Binding precedent: Robert Louis Stevenson’s Strange Case of Dr Jekyll and Mr Hyde

Binding precedent


Robert Louis Stevenson’s Strange Case of Dr Jekyll and Mr Hyde


Scott Veitch


A strange case


Few pieces of fiction exemplify so conspicuously the various senses of ‘a case’ as does Stevenson’s Strange Case of Dr Jekyll and Mr Hyde. Its initial narrative – there are three – unfolds as the case of a mystery to be solved. It concerns the enigmatic identity of a man who has been named sole beneficiary in the will of eminent physician and scientist Dr Henry Jekyll. The intended legatee is a Mr Hyde.
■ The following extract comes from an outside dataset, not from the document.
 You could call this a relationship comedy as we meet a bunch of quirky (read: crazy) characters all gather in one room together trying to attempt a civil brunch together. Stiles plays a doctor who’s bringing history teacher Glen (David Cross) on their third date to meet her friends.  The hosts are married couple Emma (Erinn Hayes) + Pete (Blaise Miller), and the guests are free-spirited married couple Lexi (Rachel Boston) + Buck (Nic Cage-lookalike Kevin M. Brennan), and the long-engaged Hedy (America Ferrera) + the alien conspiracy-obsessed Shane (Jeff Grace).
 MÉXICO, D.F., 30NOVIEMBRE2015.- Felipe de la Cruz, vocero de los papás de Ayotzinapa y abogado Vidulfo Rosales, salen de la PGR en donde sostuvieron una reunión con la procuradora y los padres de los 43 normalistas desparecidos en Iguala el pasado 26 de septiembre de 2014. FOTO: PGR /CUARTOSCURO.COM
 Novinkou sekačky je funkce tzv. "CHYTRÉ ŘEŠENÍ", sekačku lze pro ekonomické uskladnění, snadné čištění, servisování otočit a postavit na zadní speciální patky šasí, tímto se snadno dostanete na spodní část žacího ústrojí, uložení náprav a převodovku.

Subsequent to an alarming incident involving injury to a child in the street, the questionable nature of this proposed inheritance, and the even more questionable nature of Hyde, is being looked into by a friend of Jekyll’s, Mr Utterson. Utterson is Jekyll’s lawyer and the keeper of the will. Since Hyde seems to have access to funds coming from Jekyll, the lawyer at first suspects it to be a case of blackmail, and he pursues an inquiry into the mysterious figure of Hyde, eventually confronting him in the street. Utterson fears for the life of Jekyll himself, at the hands of Hyde seeking to hasten his substantial inheritance. But when it turns into a murder hunt – ‘The Carew murder case’ involving the killing of a prominent Member of Parliament – the likelihood that Hyde may be the murderer, and that Jekyll may be implicated in covering for him, leads Utterson to take urgent action. All his worries are confirmed when he breaks down the door to Jekyll’s laboratory to find a dead body. But the body has the face of Hyde. Jekyll has disappeared.
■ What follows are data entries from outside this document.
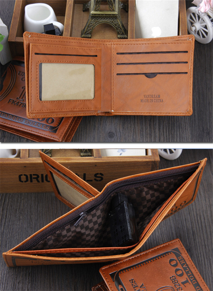 It’s inner structure is one zipper pocket, two photo slots, four card slots, two money pockets. You can put money, photos and card in it.
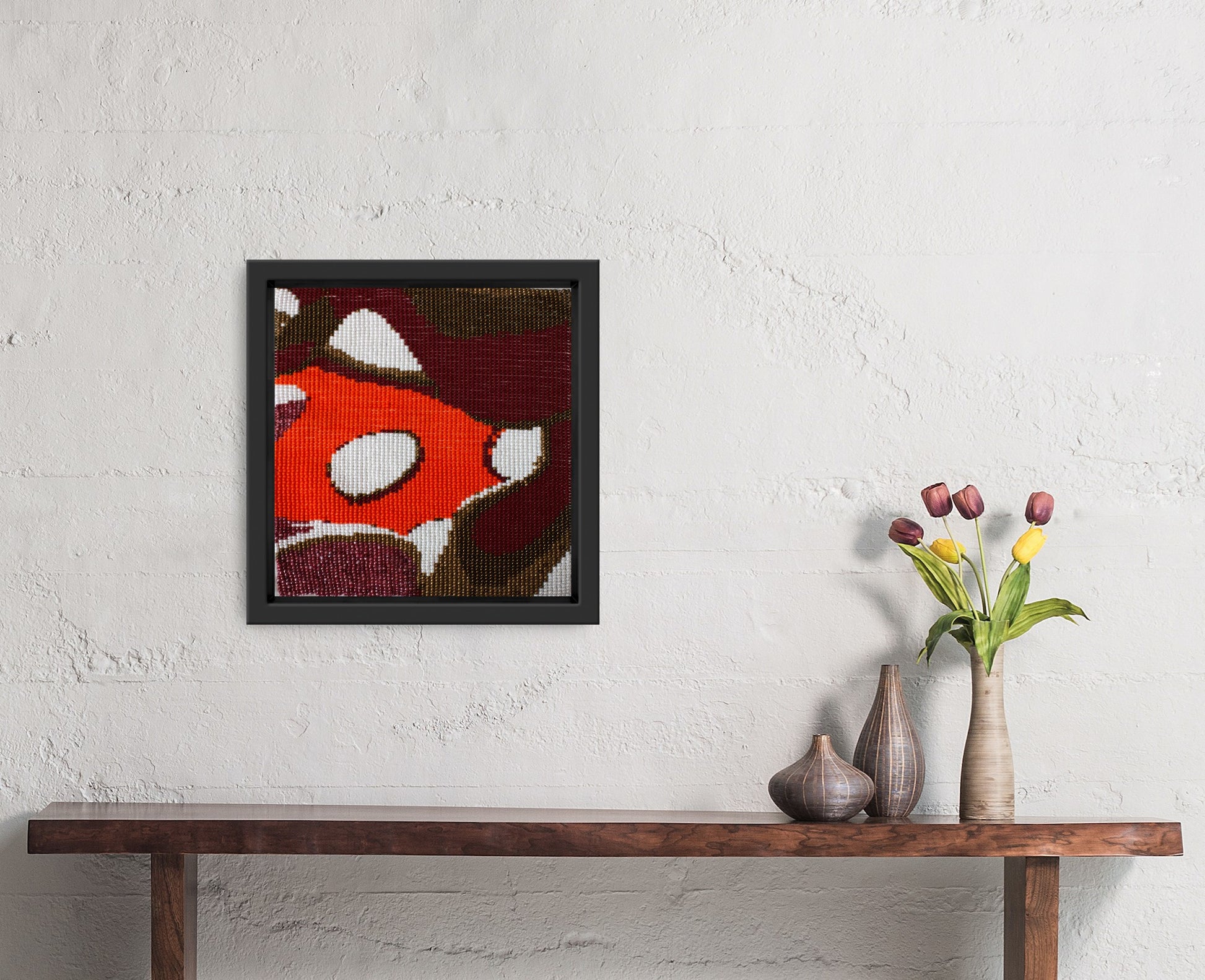About the Collection: Handwoven on simple wooden looms by artisans in Bhavnagar, Gujarat, this piece embodies India’s fading bead-loom tradition. Tiny glass beads are woven into intricate patterns inspired by nature and geometry, preserving a craft once used to create torans that symbolized welcome and good fortune. Each artwork tells a quiet story — a meditative play of texture, light, and patience.
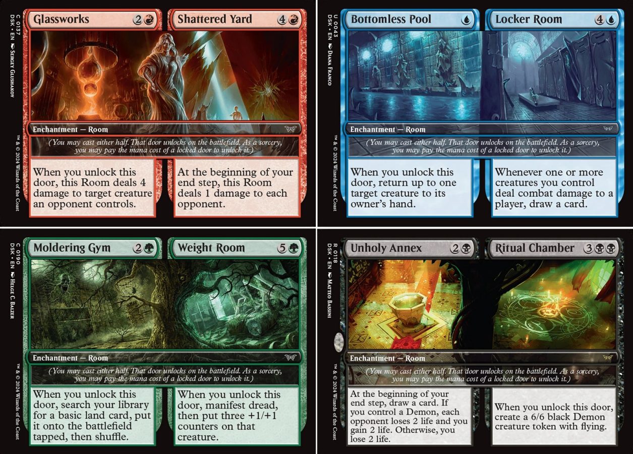 Let’s start with the mechanics and see how well they translate the horror theme. First and foremost are Rooms. Rooms are a split card that is an enchantment. You can cast the card for either side of the Room and can later “unlock” the other side for that Room’s mana cost.
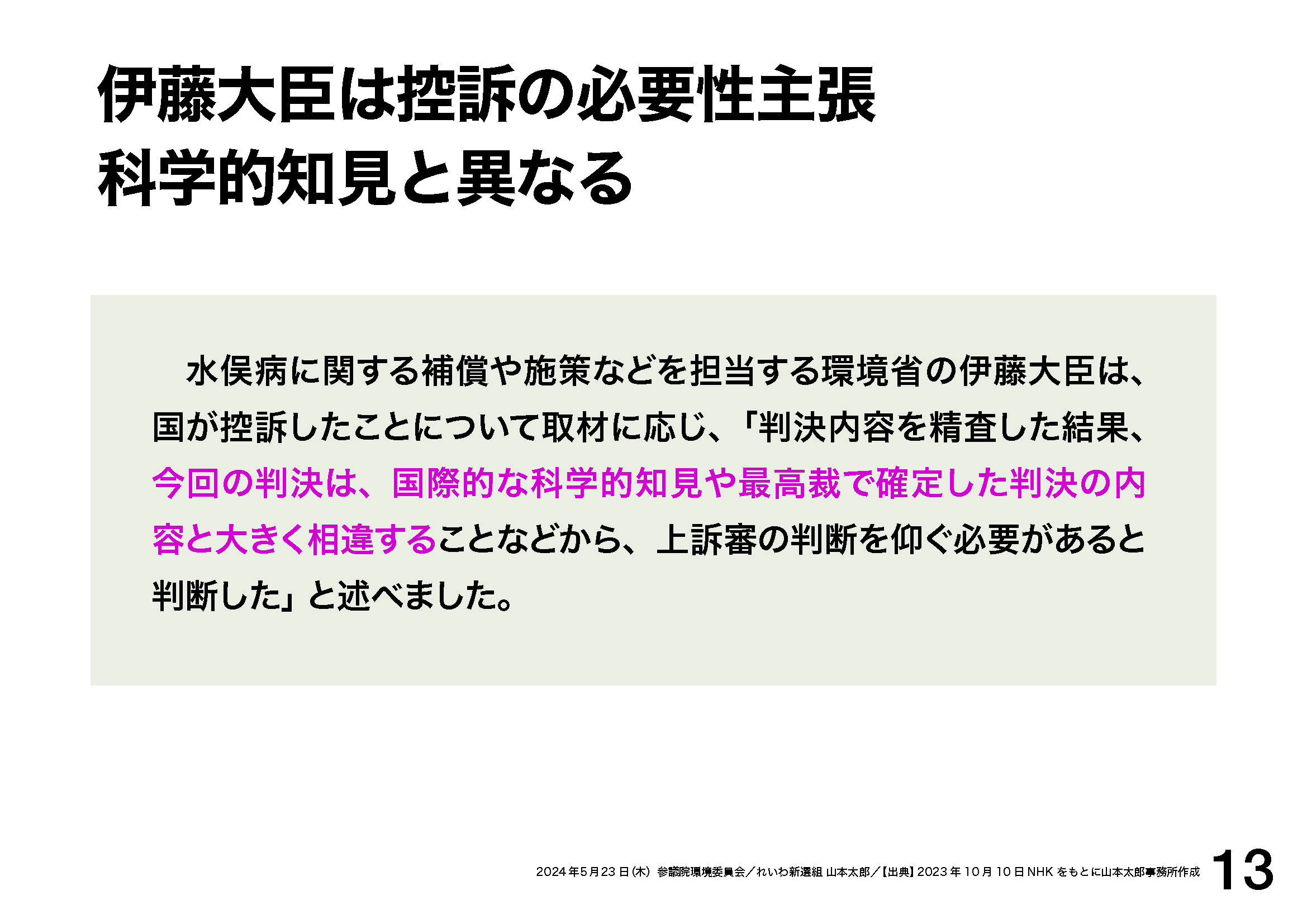 今回の判決は、国際的な科学的知見、最高裁で確定した判決の内容と大きく相違する、上訴審の判断を仰ぐ必要があると判断した、そう言っているんです。被害者を踏みにじるむちゃくちゃな発言だなって。これ伊藤大臣のご発言なんですね。
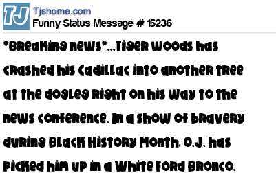 X *Breaking news*...Tiger woods has crashed his Cadillac into another tree at the dogleg right on his way to the news conference. In a show of bravery during Black History Month, O.J. has picked him up in a White Ford Bronco.
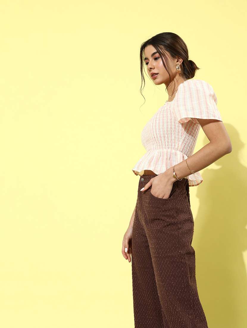 women striped puff sleeves peplum top

By way of a last desperate note Dr Jekyll had directed the lawyer to open two written documents which would, he wrote, explain the case. The first is by another doctor, Dr Lanyon, a mutual friend of Utterson and Jekyll, which forms in part a case report of the scientific aspects of what had happened. It explains that Lanyon witnessed the experimental success of Dr Jekyll in transforming his own identity and appearance into that of another man, Hyde. It is a narrative also of bewilderment and despair, testifying to an experience which has already led its witness prematurely to the grave. The other document is simply labelled: ‘Henry Jekyll’s Full Statement of the Case’. This is the narrative of Dr Jekyll’s experiments into personality change, of the temporary success of processes of change and reversal – to Hyde and back to Jekyll – and the difficulty in getting the right chemicals to secure the transition from occurring involuntarily. It includes also a statement of his motivations for pursuing the experiments – both scientific and pleasure-seeking – as well as the moral, psychological, and social consequences of his activities. It is, in the end, a confession: of insight gained but also of profound failure.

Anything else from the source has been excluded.